Bamford points at the middle of the stalk. “This little area here is where the handfish will lay her egg mass. The female dances around the stalk, and lays her eggs, then the male comes and fertilises them. She will stay with her eggs and protect them.” Many fish pass through an intermediate larval stage after spawning, but handfish hatch as tiny perfect replicas of their parents.
Bamford forms her artificial habitats from an exceptionally pure white clay known as Southern Ice Porcelain, developed at UTAS in the ’90s by leading ceramicist Les Blakebrough. Once the artificial habitats emerge fired and glass-hard from the kiln, they seem almost too clean to be installed in the murky depths of the Derwent.

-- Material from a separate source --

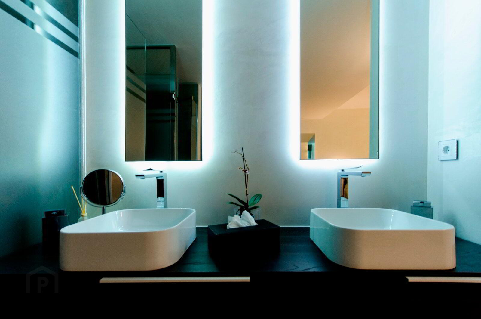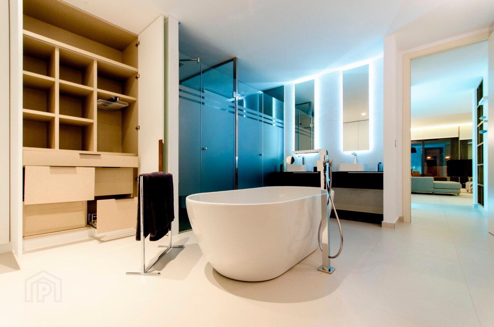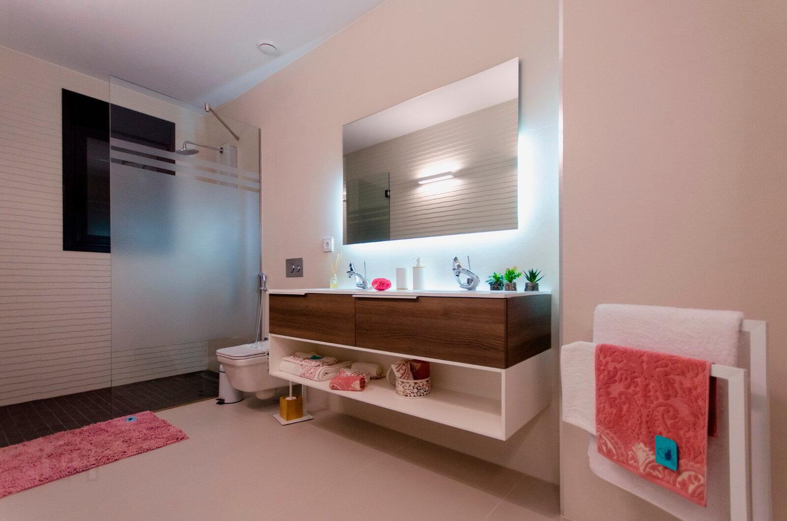 - Built-in wardrobes lined with textile, drawer units and LED lights inside.

“I wanted to work with a white porcelain because I was given this image.” Bamford hands me a photo of one of the stalked ascidians. “It’s got this beautiful stalk, which is quite white. I chose the clay to try to match that.” She shows me some fancy artificial habitats she’s made, formed with whimsical topknots and decorative indentations. “I can’t help being a little bit artsy!” she admits, laughing. While these more elaborate artificial habitats won’t be installed in the wild, they did attract the interest of courting handfish in one of the captive breeding tanks. A female handfish laid her eggs on one of Bamford’s creations. “Oh, it was just fabulous,” she says. “It was like, ‘One of my clients is happy!’”
“I’ve done a lot of work in the past that’s quite interpretive,” says Bamford, “but this project is amazing because my work is actually going into the environment to support a threatened species. It’s a fabulous thing to be involved in.”
Bamford walks past the massive slab roller where thick slices of raw clay are thrown down and flattened out like fresh pasta, and past the kilns that will fire the artificial habitats at 1280 degrees Celsius. She ends up at the extruder, a battered metal tube topped with a long lever, mounted on the wall.
“This has come out of the industrial revolution,” says Bamford as she slaps some clay into a lump and shoves it into the extruder. She pulls on the metal lever, ratcheting it to force the clay through a round aperture at its base. The clay streams out like toothpaste – perfect 7-millimetre-diameter cylinders that Bamford breaks off and places on a tray for fine-tuning.
It’s not enough to just cut the spindles to the correct length – clay has a memory, and if not rolled out by human hand, these stalks will bow in the kiln.
“If I roll them, it just gives the clay that little bit of compression, so I can have them straight, which is great for the design, and also for packing, delivering and deployment into the Derwent,” says Bamford. “If you’re handling these things underwater, with gloves, in scuba material, you want it to be as easy as possible. It’s not just designing something that I want to make – it’s got to actually work in the field. Every one of these pieces is bespoke, handmade.”
It’s the artist’s touch, the rolling and rounding of the individual pieces that gives the artificial habitats their final integrity. Her smoothing of burrs from the edges of every unfired disc allows the pieces to slot neatly together to form an elegant whole. One that will, hopefully, catch a passing handfish’s eye.